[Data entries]
□ □ □ □

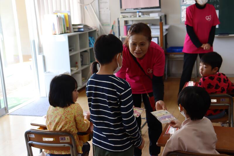 レクリエーションの後は、教室でお別れの会。みんな、大好きな教育実習生と別れがたいようでした。
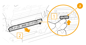 Avaa paperinpoisto-ohjain vetämällä itseäsi kohden samalla, kun painat painiketta (
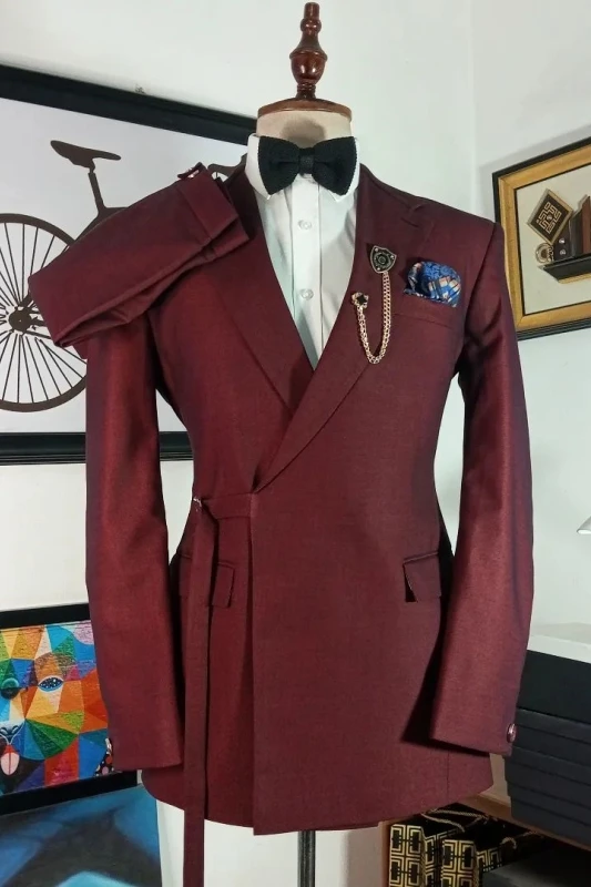 Claire Burgundy Notched Lapel Two Pieces Fashion Prom Suits
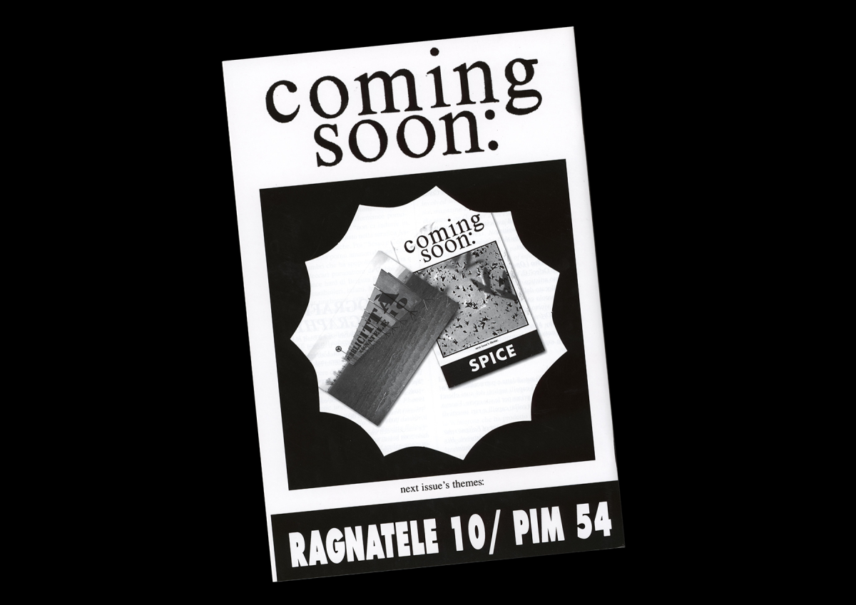 After 53 issues published since 1979 in New York and Umbria, PIM (Public Illumination Magazine), the world’s smallest magazine of its kind (7×11 cm) marches on, continuing to illuminate its select readers with enlightening revelations by its pseudonymonous contributors. This special joint-publication of PIM and Ragnatele retraces the 19 issues of PIM published since its relocation to Umbria in 1987. Covers and sample pages are presented amongst artifacts from its environment. Universal yet particular, the nourishing peculiarity of Umbria has proven a happy home for this collaboration. These two magazines have joined characters and dimensions to produce a hybrid publication in an act of cross-fertilization.
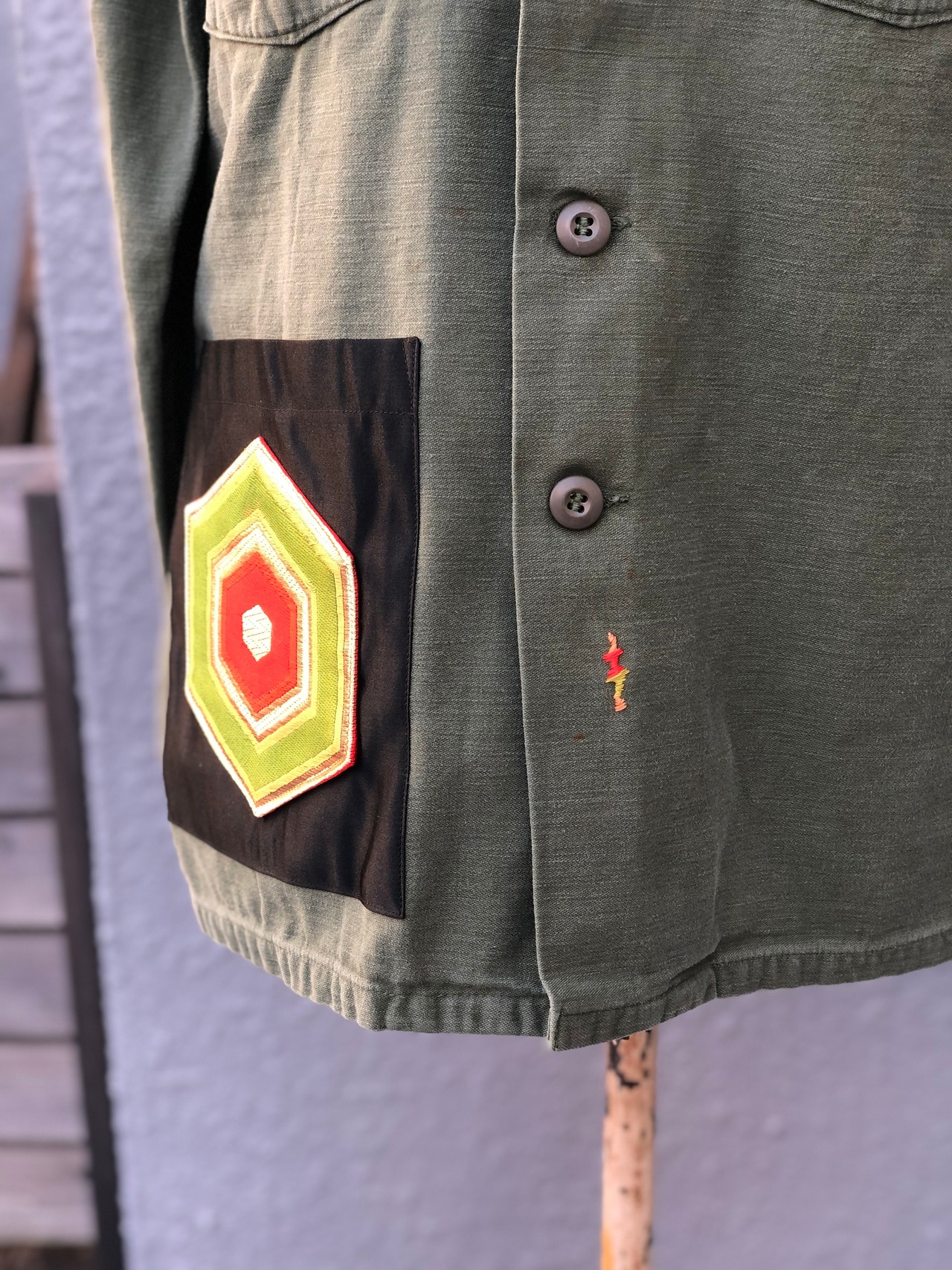 mr.Davit 様の 専用 60~70年代 ミリタリー ユーティリティシャツ USA製 メンズL ヴィンテージ 帯リユース × ミリタリーリメイクジャケット 鳳凰 US 161/2サイズ
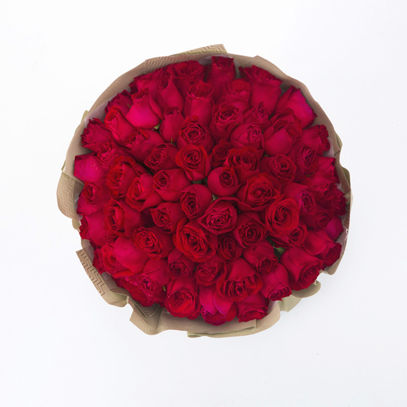 白色雪梨纸、驼色卡纸包装,浅紫色缎带蝴蝶结束扎。

□ □ □ □

◆ EXERCISE GOAL:
Excluding all pictures, print exactly and only the lines from the line with "mr.Davit 様の 専用" through the end of the records above, both ends included.

◆ YOUR SOLUTION:
 mr.Davit 様の 専用 60~70年代 ミリタリー ユーティリティシャツ USA製 メンズL ヴィンテージ 帯リユース × ミリタリーリメイクジャケット 鳳凰 US 161/2サイズ
 白色雪梨纸、驼色卡纸包装,浅紫色缎带蝴蝶结束扎。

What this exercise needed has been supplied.